How Food Styling Is Done

A series of videos shows the visual fakery that food stylists sometimes use to make fast food actually look appetizing.

Although food styling has a reputation of exploiting appetites with visual trickery, the truth is that it’s actually more honest than you think. While shady techniques such as using mashed potatoes in place of ice cream, or putting marbles at the bottom of a bowl of Campbell’s Soup to float all the noodles to the top were common in the 1970s, things have changed in recent years. A combination of new laws against false advertising, and greater public literacy in food photography–thanks to apps like Pinterest and Instagram–means that the food styling trade has evolved to be a lot more honest.


But that’s mostly just in America. In other places in the world, food styling is still the same as it ever was: wildly misleading, and often featuring a completely different “food” than what a stylist is actually supposed to be taking pictures of.

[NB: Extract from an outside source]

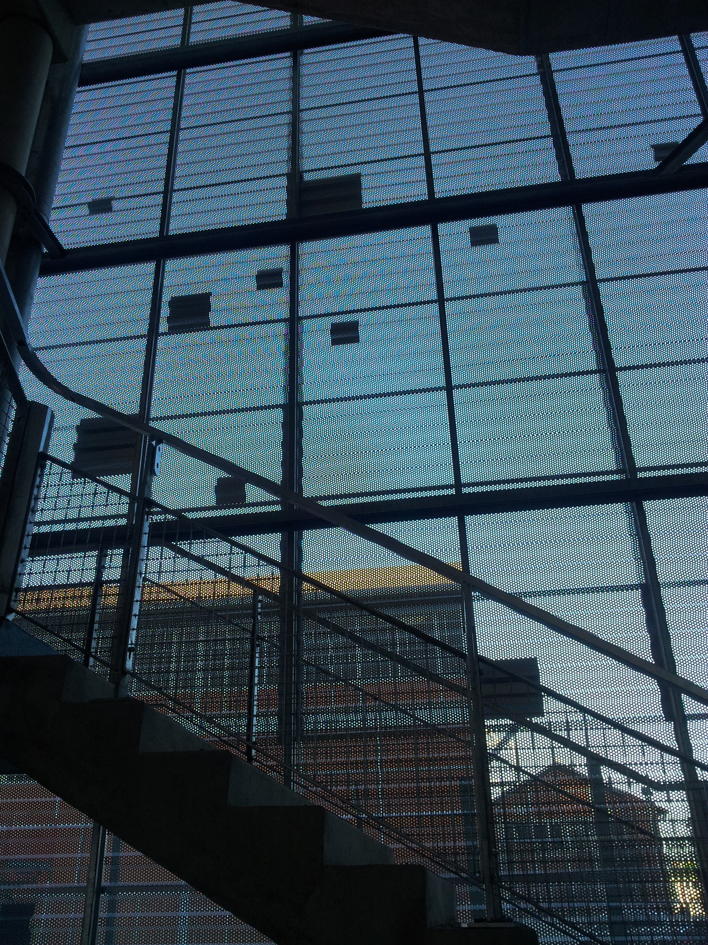 . Cet effet donne beaucoup de cachet à la tribune et fait oublié le coté "pentu" de la toiture (effet recherché par les architectes je pense).
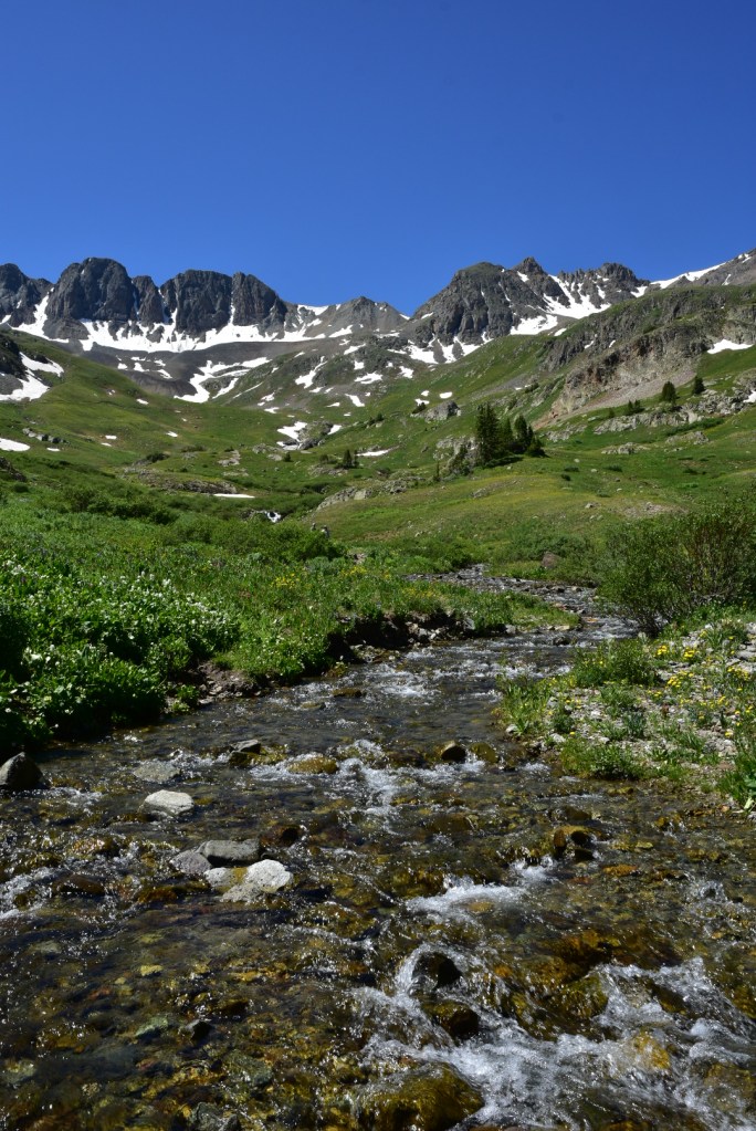 - American Basin: a high-alpine basin surrounded my mountains and peppered with a plethora of vibrant wildflowers. Our legs were too sore from the day before, but there’s a trailhead to do another 14er summit

Minhky Lee is a videographer, graphic designer, and illustrator based out of Sydney, Australia. With a background in commercial films, Lee knows how companies out of Australia, Malaysia, and Indonesia make the food in their ads look so appetizing, and has uploaded a series of videos to Vimeo showing the actual versus the artificial when it comes to how commercial food photography is done.

Lee’s videos highlight a good mixture of classic food styling tricks, some of which have largely been phased out in the United States (using a combination of frosting and flour instead of ice cream, for example), and some of which are sadly still in use (hiding cotton balls inside a burger to make it appear less squashed).

There’s other gray area techniques on display here, like using pins to hold tomatoes and lettuce in place, or frosting the glass holding a soft drink with face cream and glycerine to make it look more cool and refreshing. Even if all these techniques aren’t still widely in play here in the States, it’s a fascinating look at how food styling is still done in many parts of the world.